Uit haar tijd in Lovendegem is een mooie anekdote bewaard die het ‘goedheugig nonneken’ mooi typeert.
Ze werd na haar professie als keukenzuster tewerkgesteld in het klooster van Lovendegem waar het verhaal van de Zusters van Liefde begonnen was. Ze deed haar werk met veel plichtsbesef. Maar goed koken met de ranzige boter die ze ter beschikking kreeg daar kon ze zich maar moeilijk naar schikken. Dus vroeg ze aan haar overste moeder Rosalie om goede boter. Die vond een dergelijke luxe voor de zusters niet echt met de regel passen. Daarmee was de kous voor zuster Bonaventura echter niet af. De belofte van gehoorzaamheid was blijkbaar voor haar niet alles zaligmakend en zeker niet de boter.

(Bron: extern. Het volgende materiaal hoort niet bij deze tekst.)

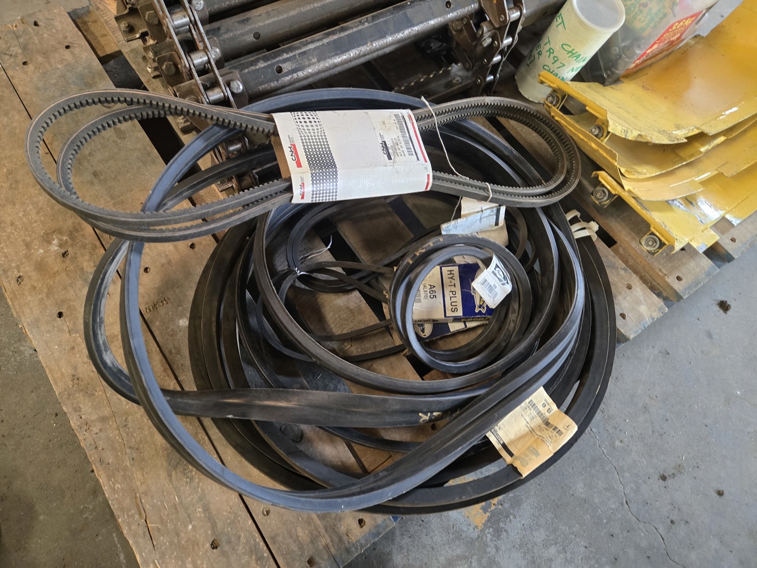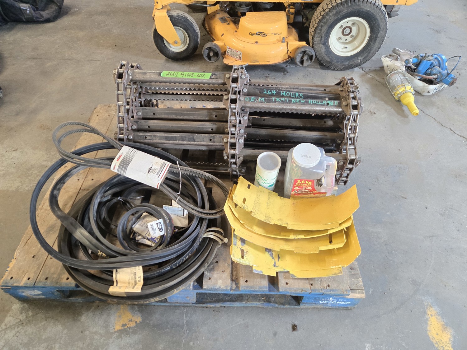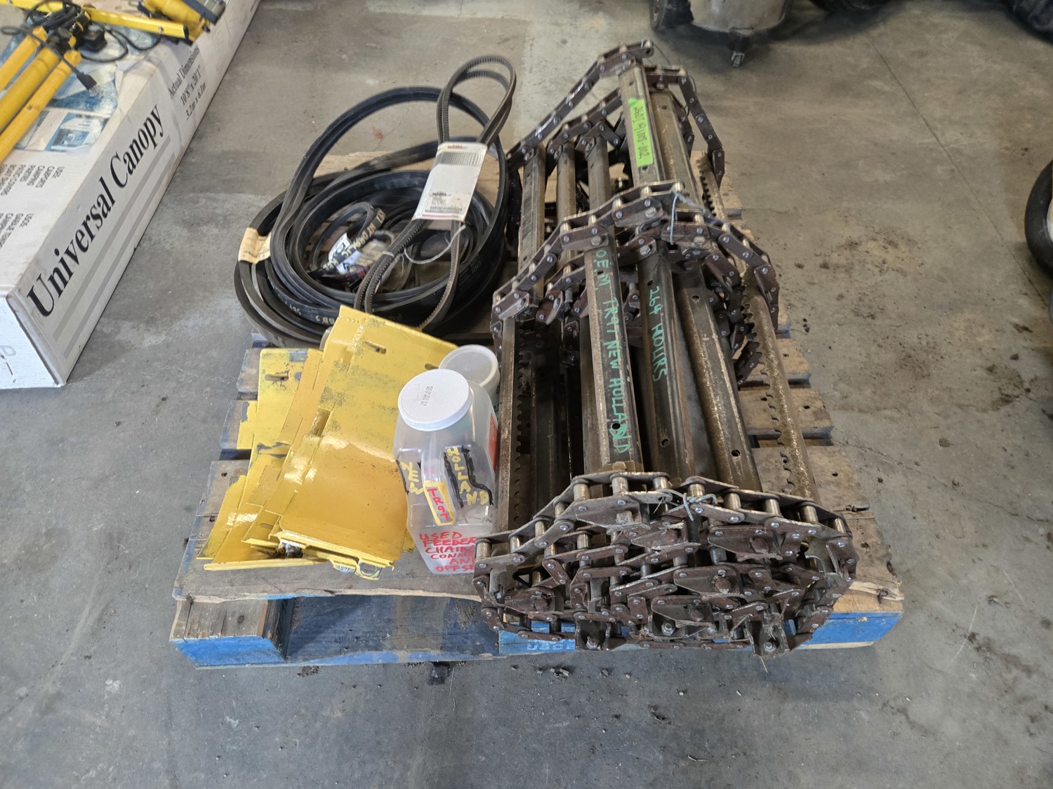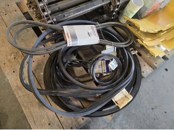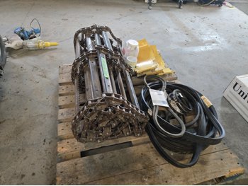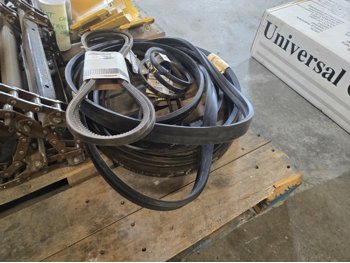 feeder chain with 268 hrs, elevator bottom inspection covers, qty of various unused belts
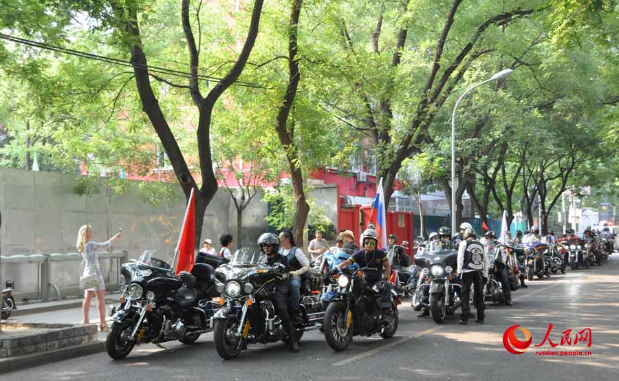To mark the 70th anniversary of the victory of WWII, a group consisting of 40 Chinese and Russian, 23 motorcycles and 5 cars left Beijing for Baikal in Russia. It will take the riders 18 days to complete the 3,500-kilometer journey. (People's Daily Online/Li Yan)
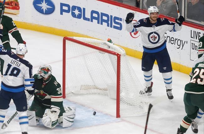 Ehlers took advantage of a mistake by Minnesota defenceman Matt Dumba in the third. Dumba tried a drop pass in the defensive zone to Mikael Granlund, but Ehlers was between them and quickly collected the loose puck, skated past Granlund and scored for a 2-0 lead.
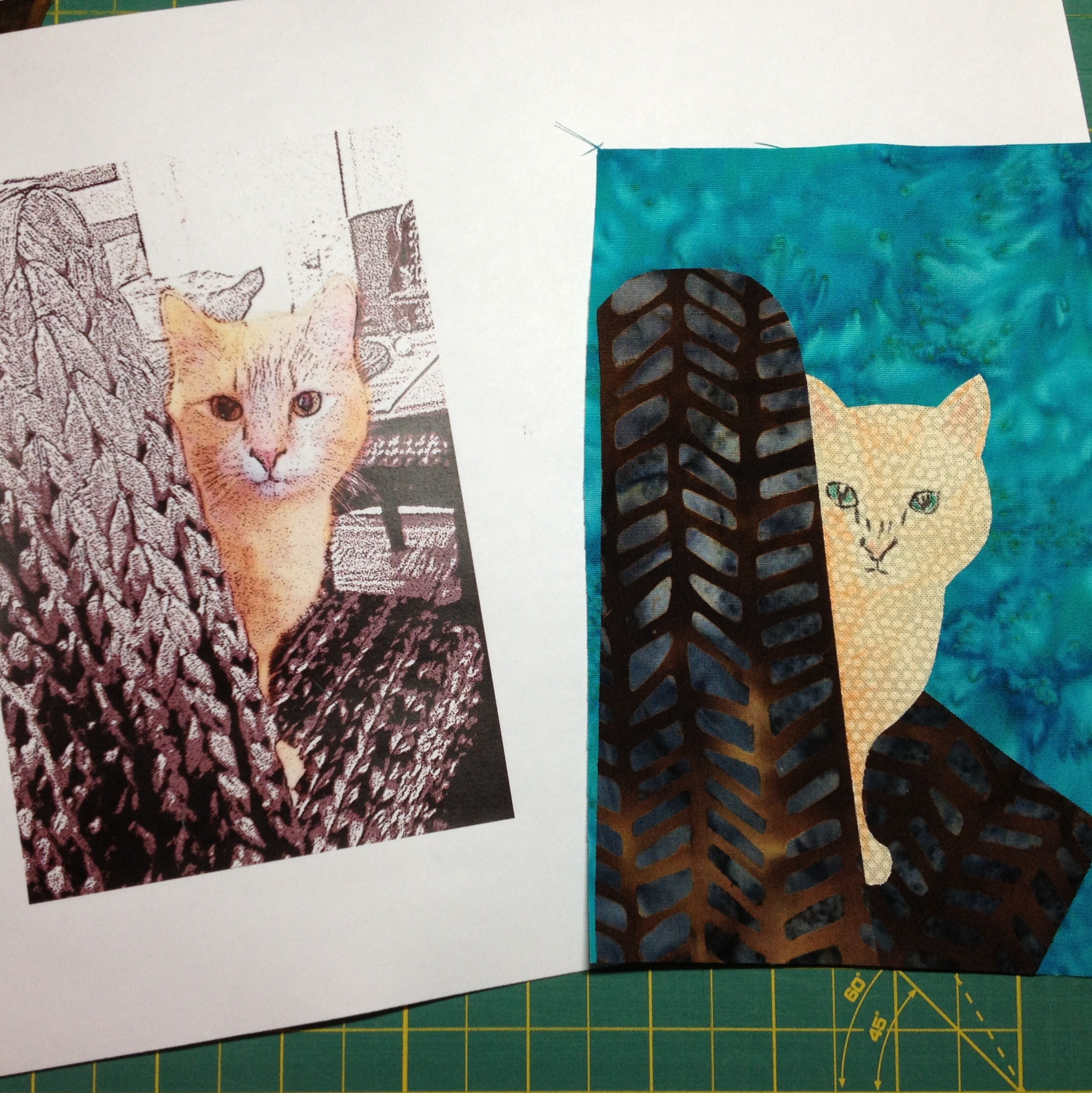 If your subject is mostly monotonal instead of dramatically striped, it can be fun to simply cut one piece of fused fabric for the furbaby. Here the white chin and paws were provided by a white marking pencil (since I never mark my quilts, it came in handy) and a few facial features were carefully inked in (using a light box to trace the positioning of the eyes and nose first).
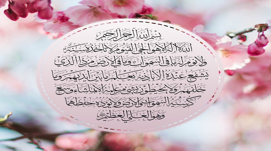 اللَّهُ لَا إِلَٰهَ إِلَّا هُوَ الْحَيُّ الْقَيُّومُ ۚ لَا تَأْخُذُهُ سِنَةٌ وَلَا نَوْمٌ ۚ لَّهُ مَا فِي السَّمَاوَاتِ وَمَا فِي الْأَرْضِ ۗ مَن ذَا الَّذِي يَشْفَعُ عِندَهُ إِلَّا بِإِذْنِهِ ۚ يَعْلَمُ مَا بَيْنَ أَيْدِيهِمْ وَمَا خَلْفَهُمْ ۖ وَلَا يُحِيطُونَ بِشَيْءٍ مِّنْ عِلْمِهِ إِلَّا بِمَا شَاءَ ۚ وَسِعَ كُرْسِيُّهُ السَّمَاوَاتِ وَالْأَرْضَ ۖ وَلَا يَئُودُهُ حِفْظُهُمَا ۚ وَهُوَ الْعَلِيُّ الْعَظِيمُ لَا إِكْرَاهَ فِي الدِّينِ ۖ قَد تَّبَيَّنَ الرُّشْدُ مِنَ الْغَيِّ ۚ فَمَن يَكْفُرْ بِالطَّاغُوتِ وَيُؤْمِن بِاللَّهِ فَقَدِ اسْتَمْسَكَ بِالْعُرْوَةِ الْوُثْقَىٰ لَا انفِصَامَ لَهَا ۗ وَاللَّهُ سَمِيعٌ عَلِيمٌ
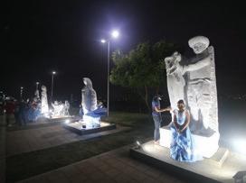 Durante treinta días los escultores dieron forma a imágenes del cholo pescador sosteniendo un pez, la albacora, una tortuga marina, un caballo de mar, el libro donde se escribió el acta de cantonización de Manta, la diosa Umiña, el pelícano, el mar y sus proezas, danza del mar y la mujer esperando al pescador.
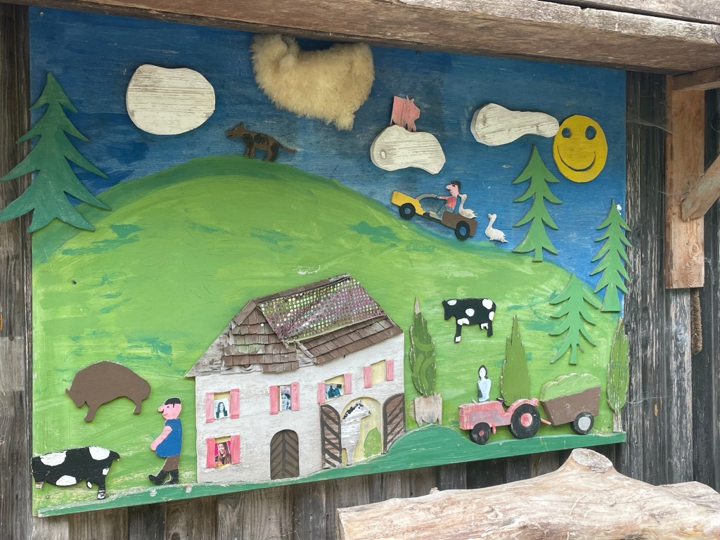 As the track flattened out we walked through some small hamlets with tiny cow holdings, cute firewood stacks and a fence which answered that old conundrum of ‘where do odd socks end up?” This farmer had a fenceful, along with a great shingle for his landscaping business.
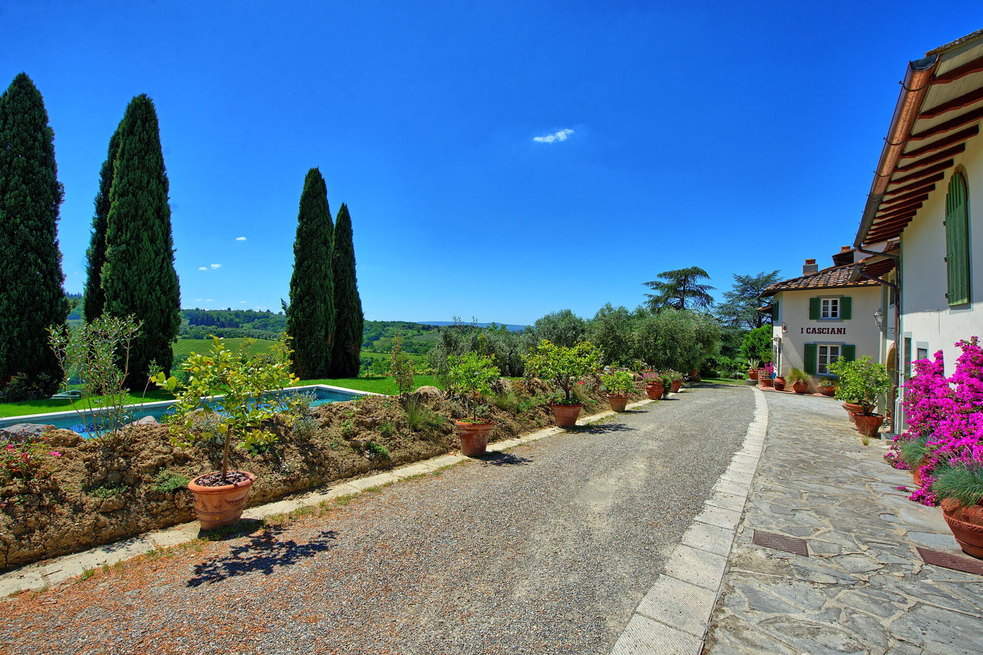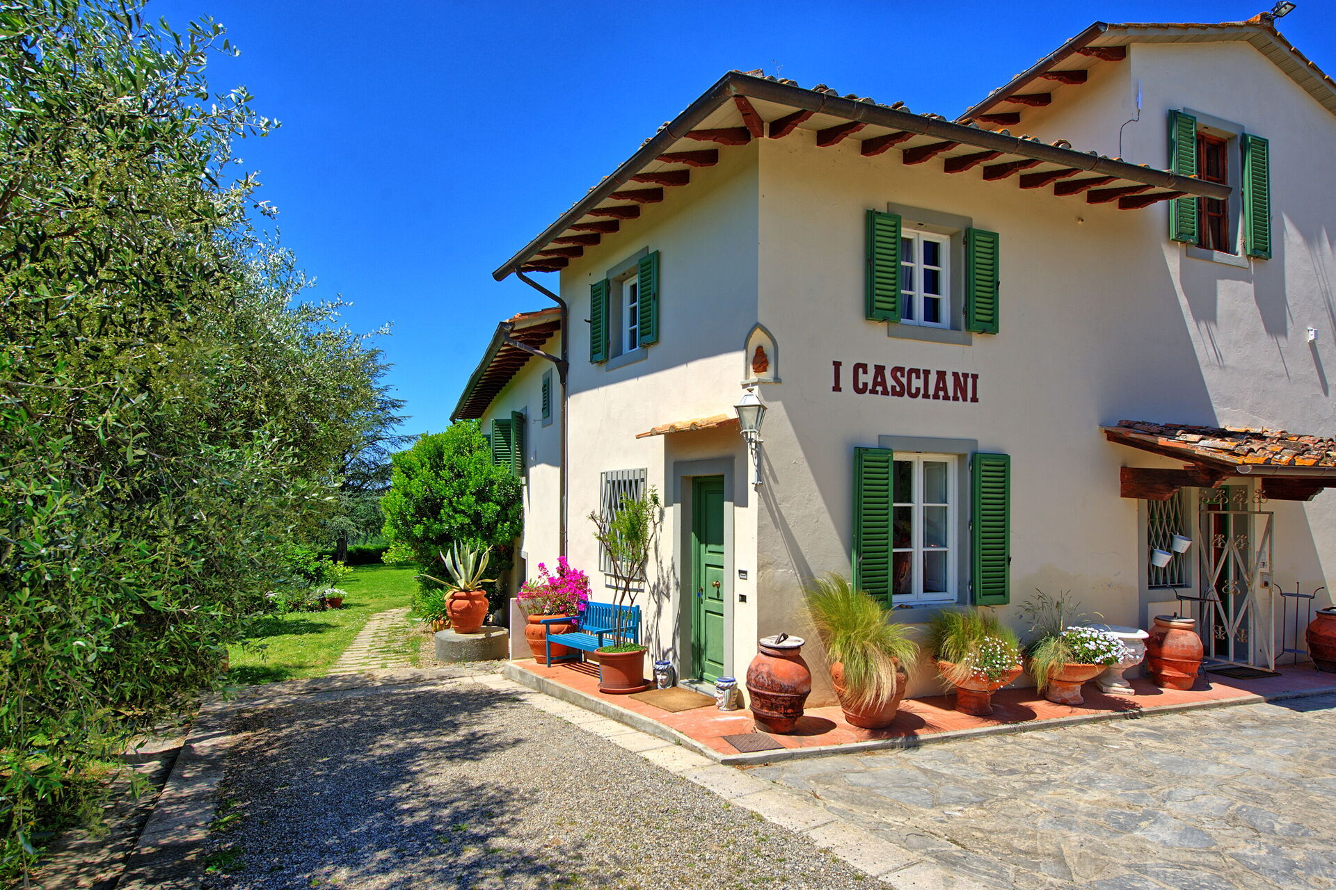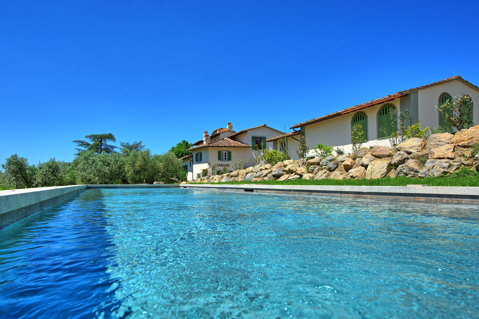 Villa Casciani ligger på en gård omgiven av vingårdar och olivlundar. Semesterhuset har skapats genom att renovera ett gammalt lanthus med respekt för de ursprungliga arkitektoniska detaljerna, vilket resulterar i elegans och komfort. På gården produceras extra jungfruolivolja, vin, grönsaker och honung.
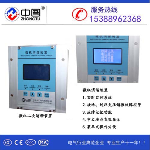 (3)适用电压等级:66KV、35KV、10KV、6KV、3KV及以下;如果电压等级在110KV、220KV以上,我公司有专门的YTWX-2微机消谐装置适用。
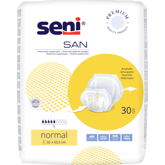 Die atmungsaktiven, anatomisch geformten Vorlagen Seni San Normal sind die optimale Lösung bei mittlerer Blasenschwäche. Sie wurden für Menschen entwickelt, die Schwierigkeiten haben, abseits der „Standardgrößen“ ein passendes Produkt zu finden.
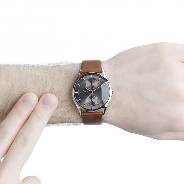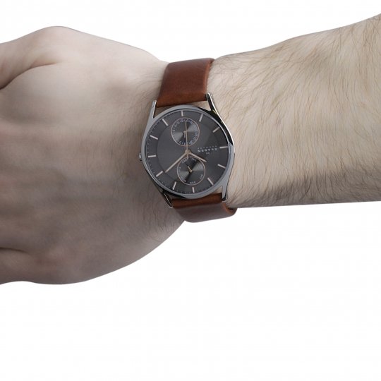 This Skagen Holst Charcoal Dial Brown Leather Men's Watch SKW6086 comes in stainless steel case with a brown leather strap. Fixed stainless steel bezel. Charcoal dial with luminous rose gold-tone hands and index hour markers. Minute markers around the outer rim. Dial Type: Analog. Two sub-dials displaying: day of the week and date. Quartz movement. Scratch resistant mineral crystal. Pull / push crown. Solid case back. Round case shape, case size: 40 mm, case thickness: 9 mm. Band width: 20 mm. Tang clasp. Water resistant at 50 meters / 165 feet. Functions: date, day, hour, minute, second. Additional Info: in general, suitable for short periods of recreational swimming, but not diving or snorkeling. Casual watch style.
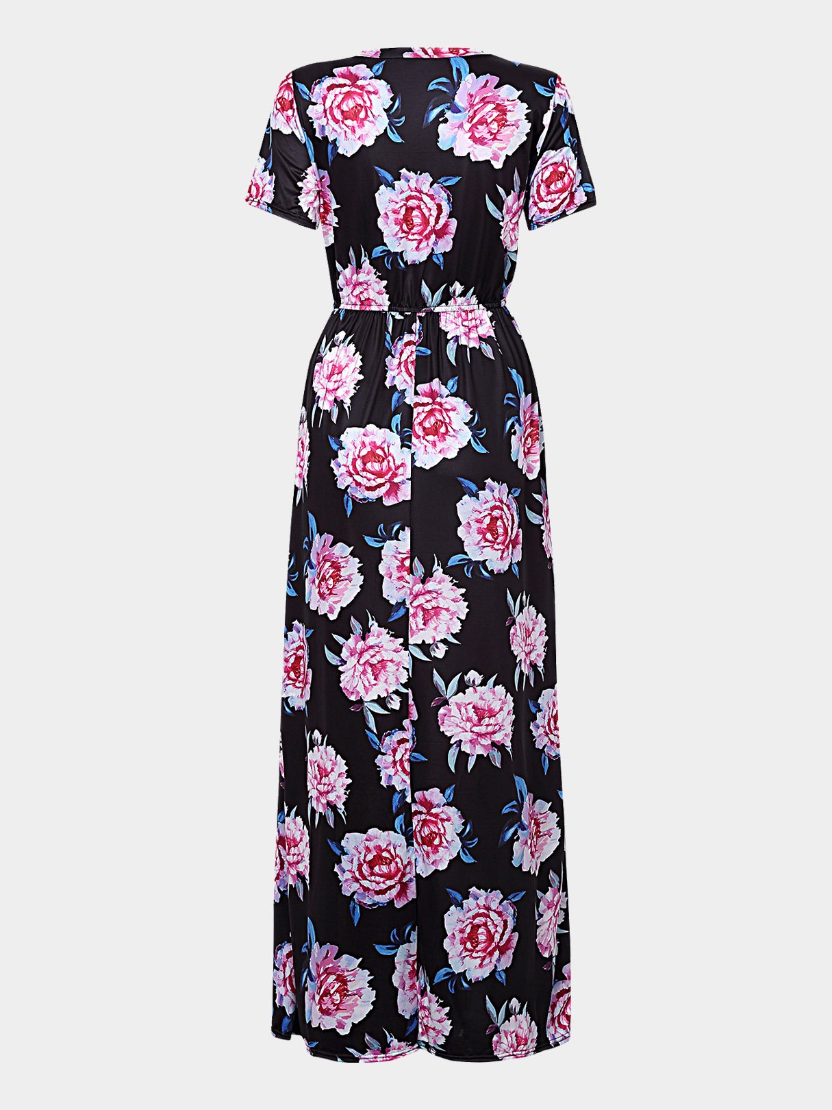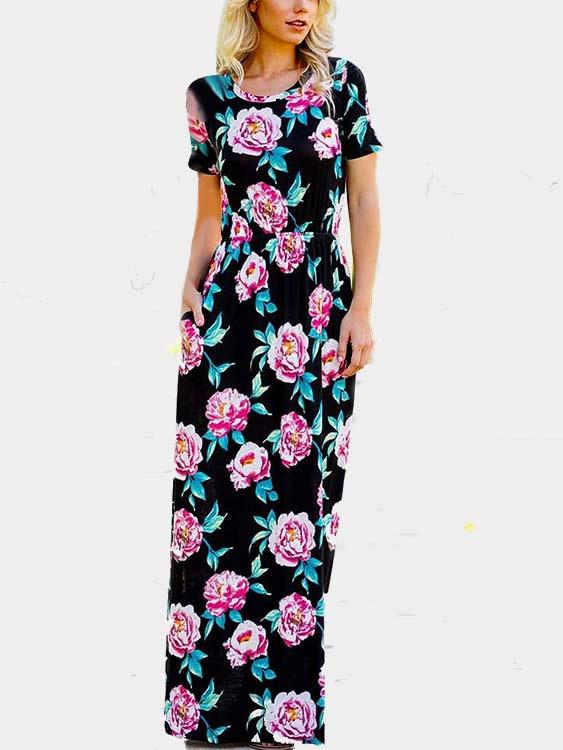 Round Neck Short Sleeve Floral Print Maxi Dress

Op een dag trok zij haar stoute schoenen aan, en in plaats van naar de mis te gaan, vertrok zij met een bang hart en bedrukt zieltje naar het moederklooster in de Molenaarstraat in Gent waar ze audiëntie bij vader Triest vroeg.
Nu ging een eenvoudig kloosterzustertje niet zomaar voor een bagatel ten rade bij de overste en stichter van de congregatie. Triest keek dan ook even op toen zijn meid hem meldde dat een zuster uit Lovendegem in de spreekkamer zat te wachten voor een persoonlijk onderhoud met hem.
Nadat Bonneke beteuterd haar verhaal gedaan had reageerde vader Triest koeltjes en gaf zijn meid de opdracht stante pede een ‘“’voituur’”’ te laten komen. Tegen het ‘goedheugig’ nonneke zei hij ernstig maar ook half lachende: ‘Spoed u daarin en ga weer vanwaar ge gekomen zijt…’. Hoe het uiteindelijk verder boterde met Bonneke vertellen de bronnen spijtig genoeg niet. De huidige zusters genieten vandaag wel van hun maaltijd bereid met goede boter… Dankzij zuster Bonneke?